---------- THE DATA

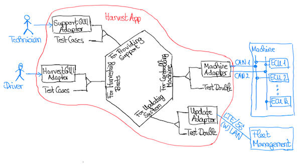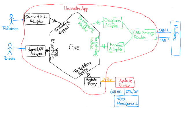 Let us quickly recap the ports-and-adapters architecture. Our running example is the driver terminal of, say, a sugar beet harvester.
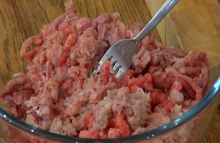 Свинину и говядину нарезать кусками и вместе с луком измельчить в мясорубке.
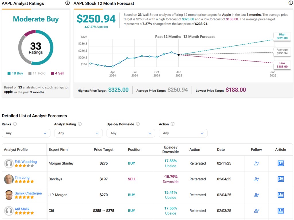 Overall, analysts have a Moderate Buy consensus rating on AAPL stock based on 18 Buys, 11 Holds, and four Sells assigned in the past three months, as indicated by the graphic below. After a 26% rally in its share price over the past year, the average AAPL price target of $250.94 per share implies 7.3% upside potential.
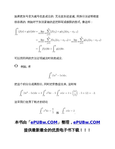 如果把加号变为减号也是成立的. 无论是加还是减, 用拆分法证明都是 很容易的. 例如对于加法要做的是把和写成极限的形式, 像这样: 可以用同样的方法证明减法时依然成立. 例如, 求 把这个积分分成两部分, 同时把常数提出来, 这时有 这里我们使用了刚才的结论 和 . 本书由「ePUBw.COM」整理,ePUBw.COM 提供最新最全的优质电子书下载!!!
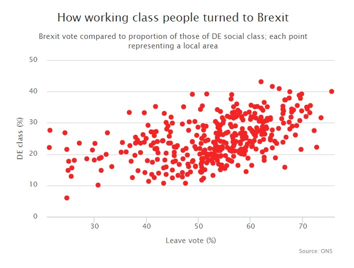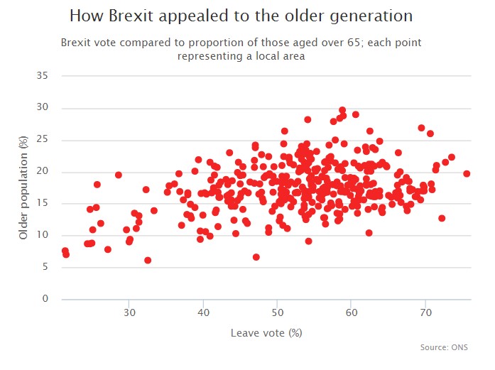 除了地区性的分裂之外,以年龄和受教育程度的不同,投票的倾向也非常不同。根据英国国家统计局的估算(虽然相关性并非十分明显),年青人和受教育程度相对较高的人群大部分选择留在欧盟,而老年人和受教育程度相对较低的群体大部分选择脱离欧盟。但是年青人的整体投票参与度很低,所以导致年青人的选票在整体比例上远小于中老年人。另外的统计数据也显示,在更专业的工作岗位上的人倾向于留在欧盟,而生活水平相对较低的人群投了脱欧票。
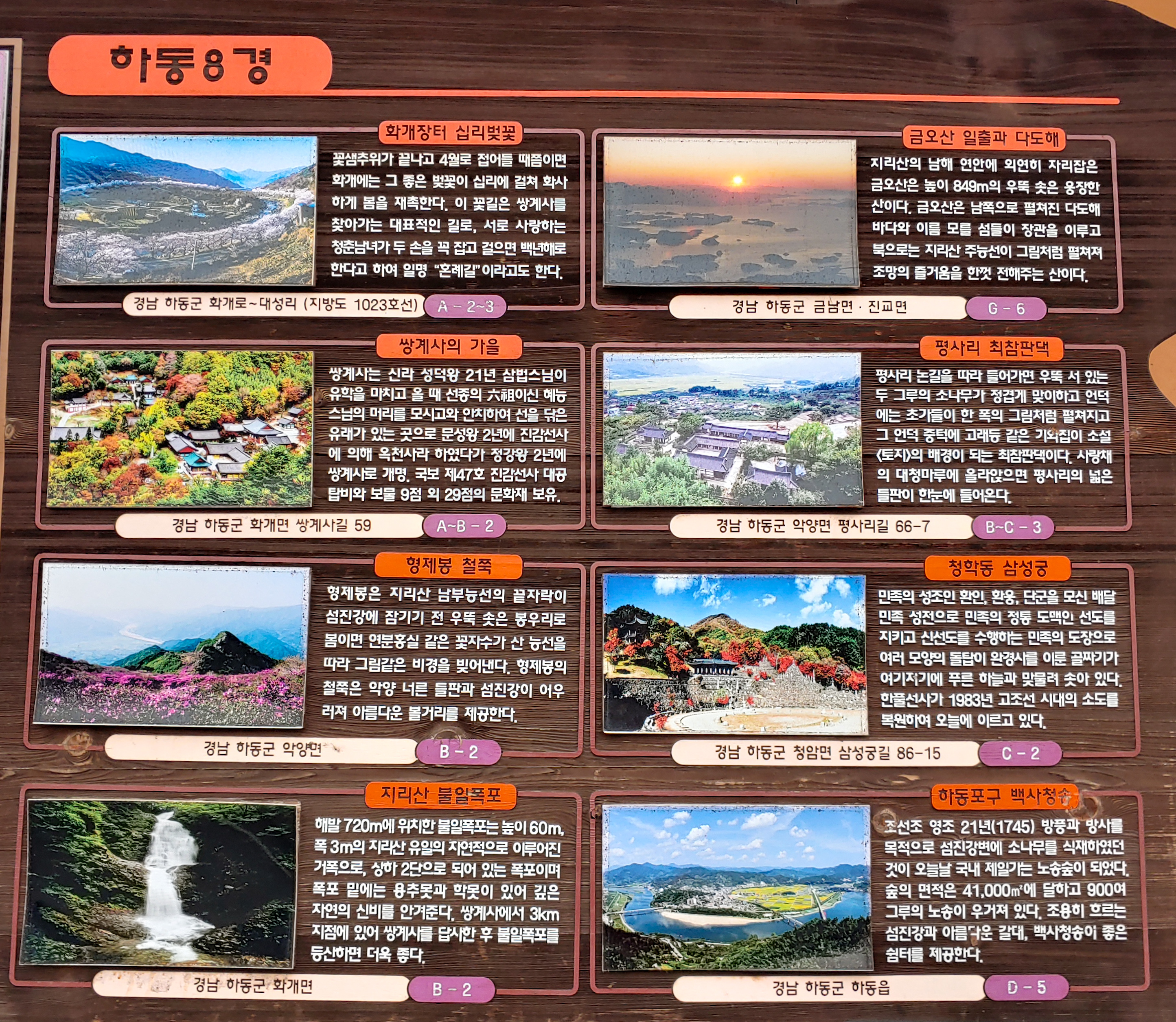 화개장터 주차장 입구쯤에 화동 8경에 대한 설명과 지도가 있습니다.
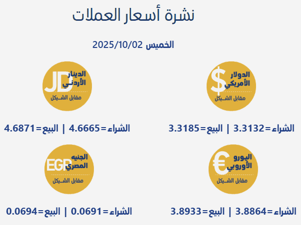 جاءت أسعار صرف العملات مقابل الشيقل الإسرائيلي، اليوم الخميس، بحسب سلطة النقد الفلسطينية، على النحو التالي:
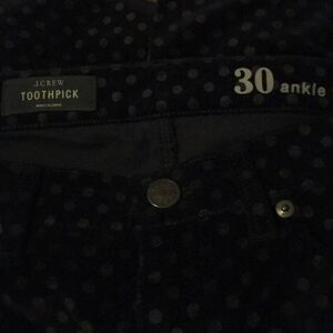 J. Crew Toothpick jean in velvet dot Sz 30 Ankle
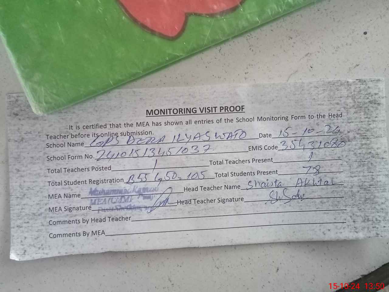 | EMIS Code: 35431080 | Name of School: GPS DERA ILYAS WATTO | |||
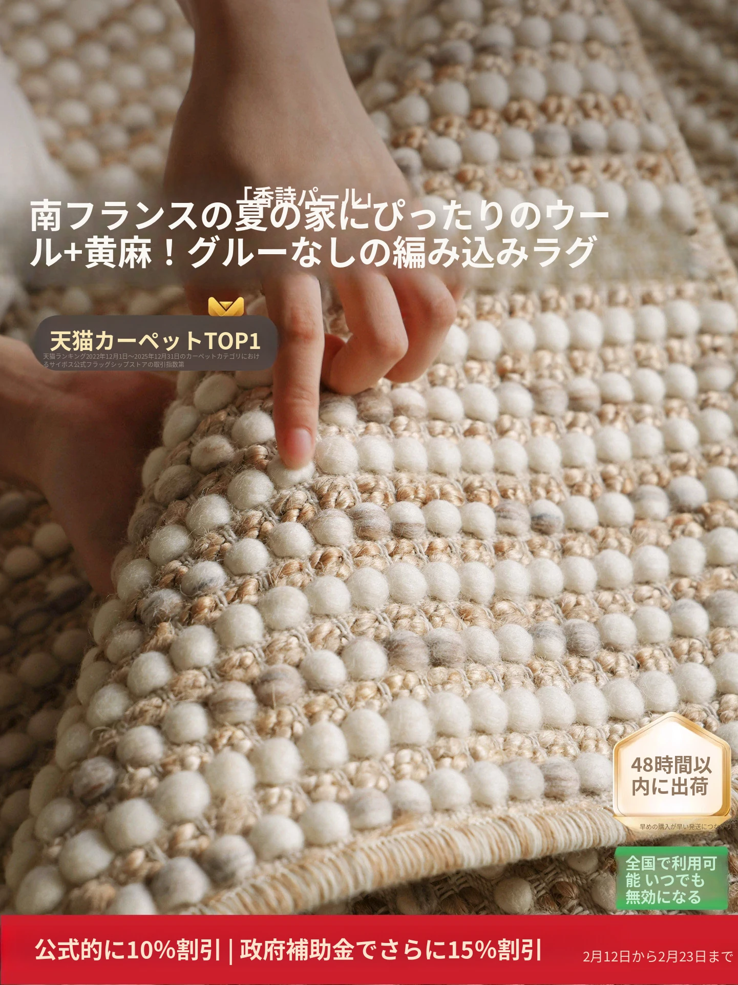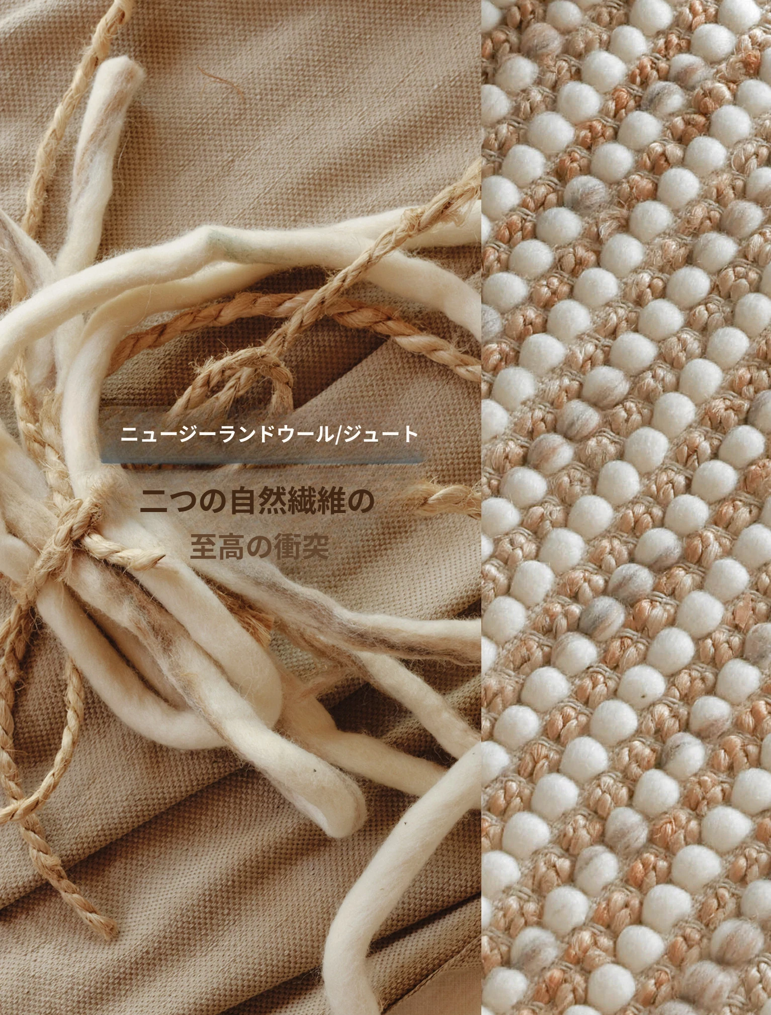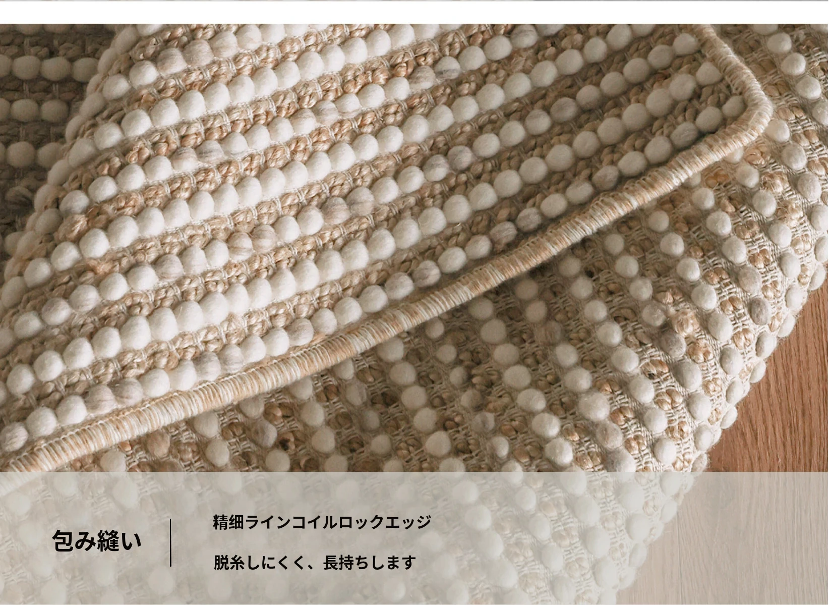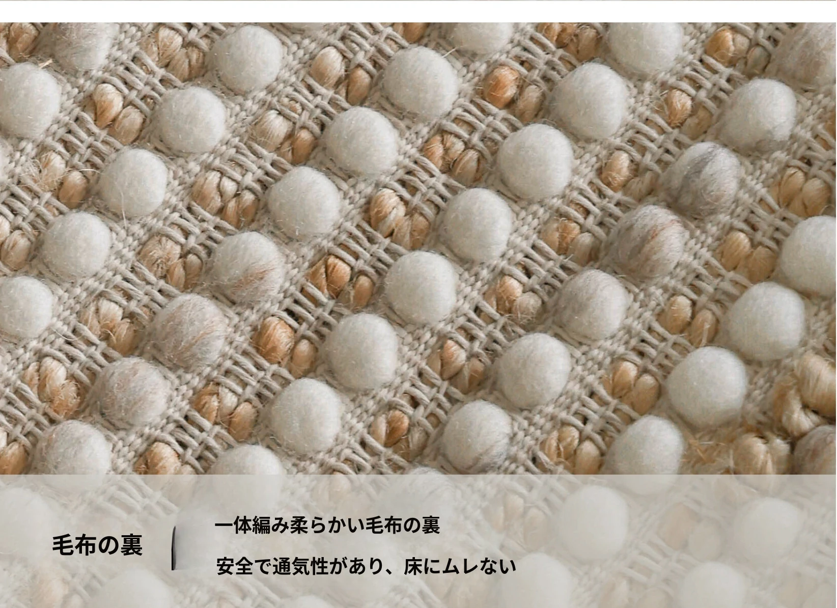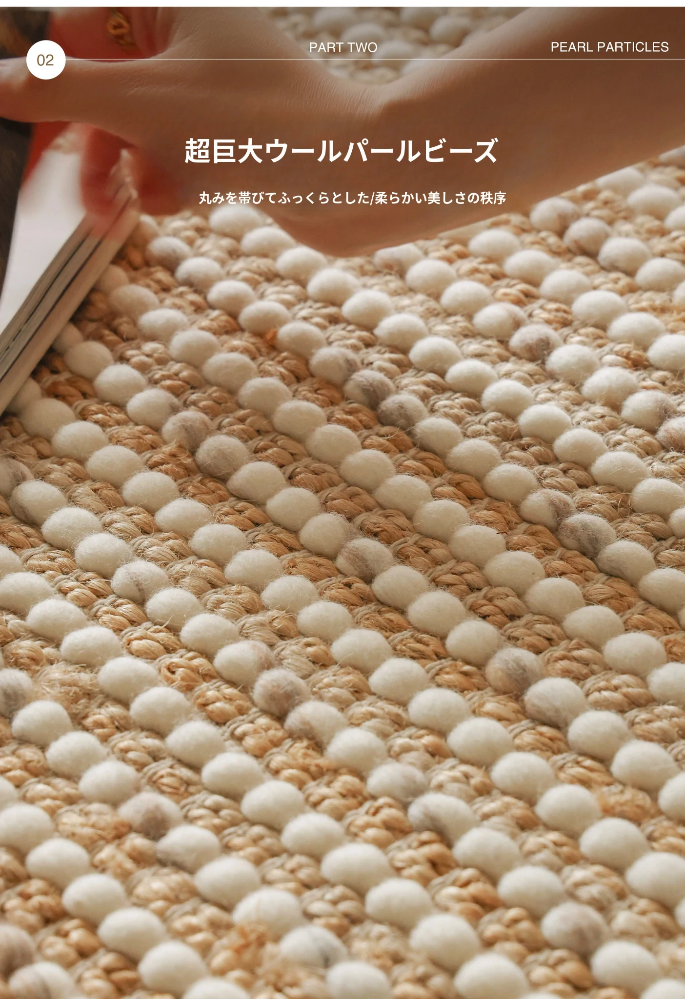 サイボス香りのパール輸入ウールジュートノンアドヒーシブ編みラグ - リビングルームにぴったりの軽やかなラグ、上質なソファや寝室に最適な高級感を演出!
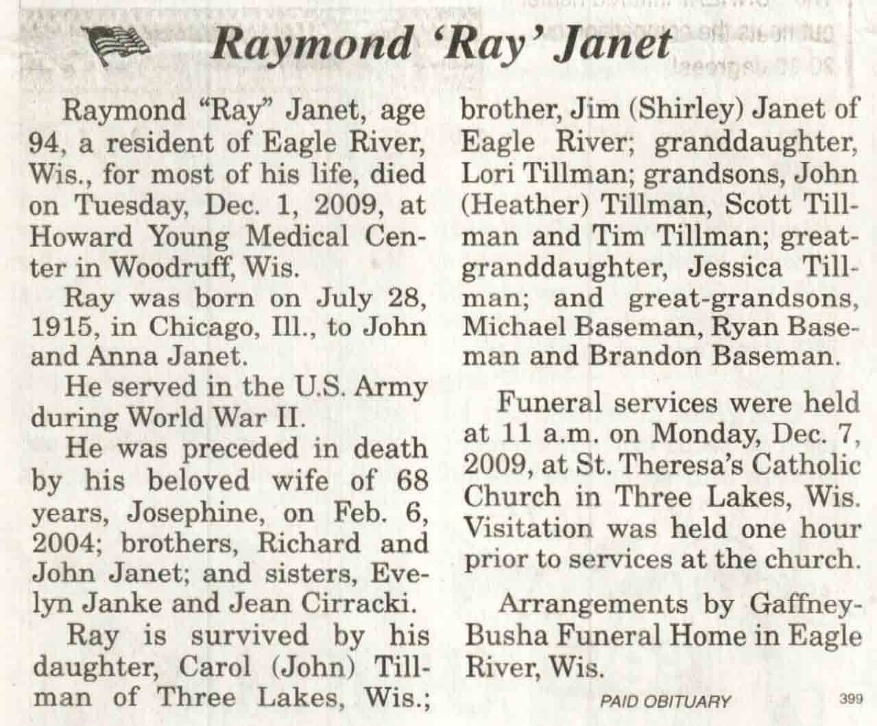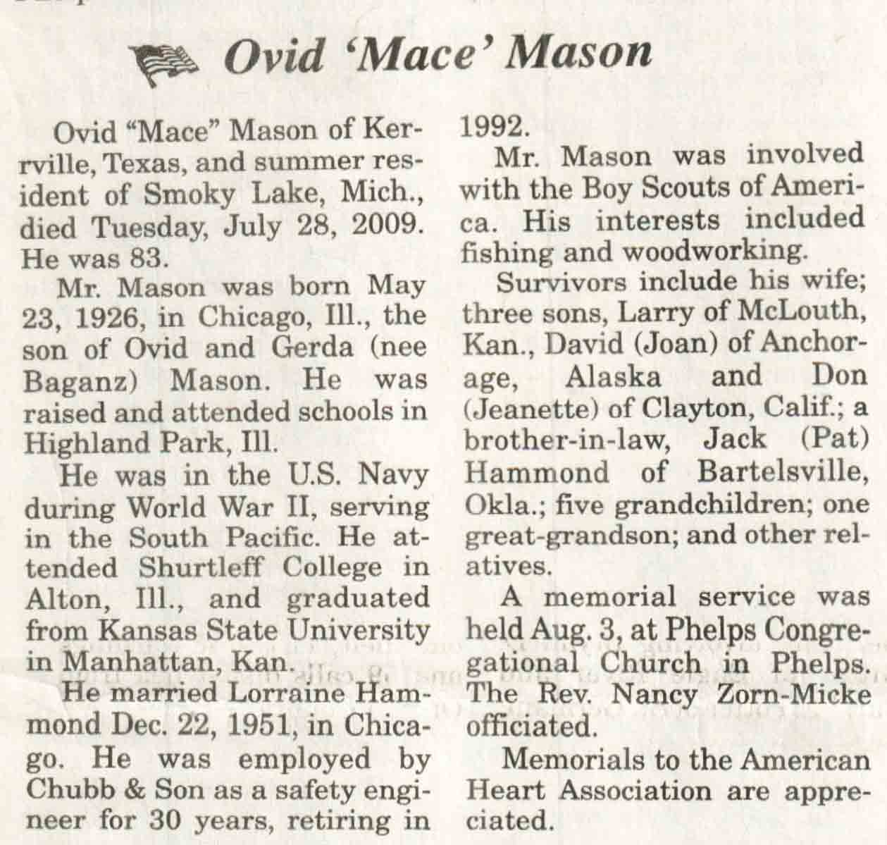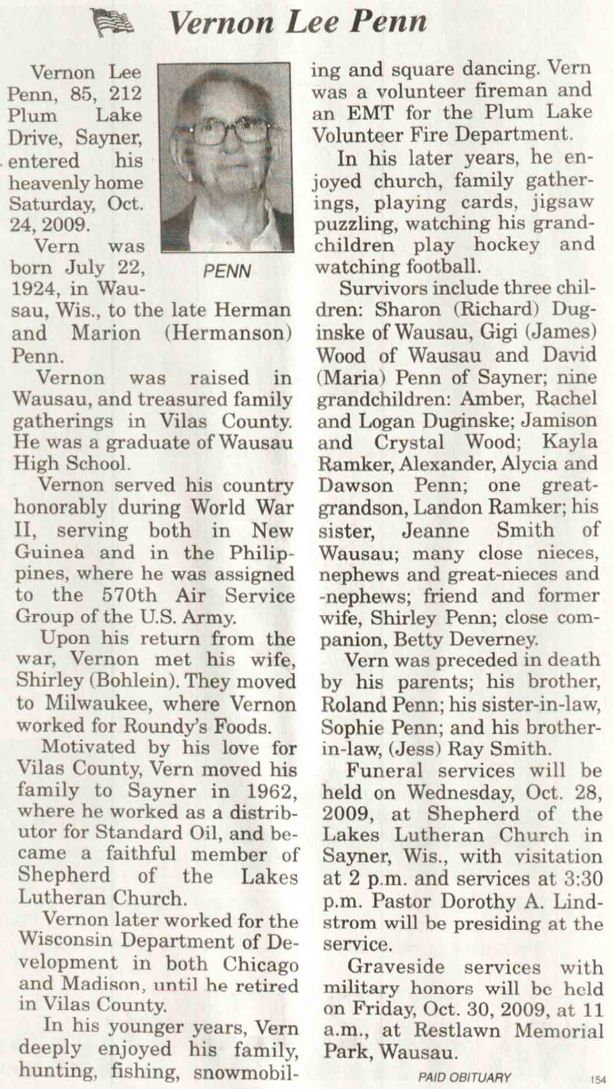 | Sauvola | Jacob 'Jake' | 14 Nov 1933 | 22 Nov 2009 | V N-R | 25 Nov 2009 | 4A |

--------------------

WORK ORDER -> Repeat the lines above precisely and skip every picture.

RESPONSE TO THIS TASK ->
 Let us quickly recap the ports-and-adapters architecture. Our running example is the driver terminal of, say, a sugar beet harvester.
 Свинину и говядину нарезать кусками и вместе с луком измельчить в мясорубке.
 Overall, analysts have a Moderate Buy consensus rating on AAPL stock based on 18 Buys, 11 Holds, and four Sells assigned in the past three months, as indicated by the graphic below. After a 26% rally in its share price over the past year, the average AAPL price target of $250.94 per share implies 7.3% upside potential.
 如果把加号变为减号也是成立的. 无论是加还是减, 用拆分法证明都是 很容易的. 例如对于加法要做的是把和写成极限的形式, 像这样: 可以用同样的方法证明减法时依然成立. 例如, 求 把这个积分分成两部分, 同时把常数提出来, 这时有 这里我们使用了刚才的结论 和 . 本书由「ePUBw.COM」整理,ePUBw.COM 提供最新最全的优质电子书下载!!!
 除了地区性的分裂之外,以年龄和受教育程度的不同,投票的倾向也非常不同。根据英国国家统计局的估算(虽然相关性并非十分明显),年青人和受教育程度相对较高的人群大部分选择留在欧盟,而老年人和受教育程度相对较低的群体大部分选择脱离欧盟。但是年青人的整体投票参与度很低,所以导致年青人的选票在整体比例上远小于中老年人。另外的统计数据也显示,在更专业的工作岗位上的人倾向于留在欧盟,而生活水平相对较低的人群投了脱欧票。
 화개장터 주차장 입구쯤에 화동 8경에 대한 설명과 지도가 있습니다.
 جاءت أسعار صرف العملات مقابل الشيقل الإسرائيلي، اليوم الخميس، بحسب سلطة النقد الفلسطينية، على النحو التالي:
 J. Crew Toothpick jean in velvet dot Sz 30 Ankle
 | EMIS Code: 35431080 | Name of School: GPS DERA ILYAS WATTO | |||
 サイボス香りのパール輸入ウールジュートノンアドヒーシブ編みラグ - リビングルームにぴったりの軽やかなラグ、上質なソファや寝室に最適な高級感を演出!
 | Sauvola | Jacob 'Jake' | 14 Nov 1933 | 22 Nov 2009 | V N-R | 25 Nov 2009 | 4A |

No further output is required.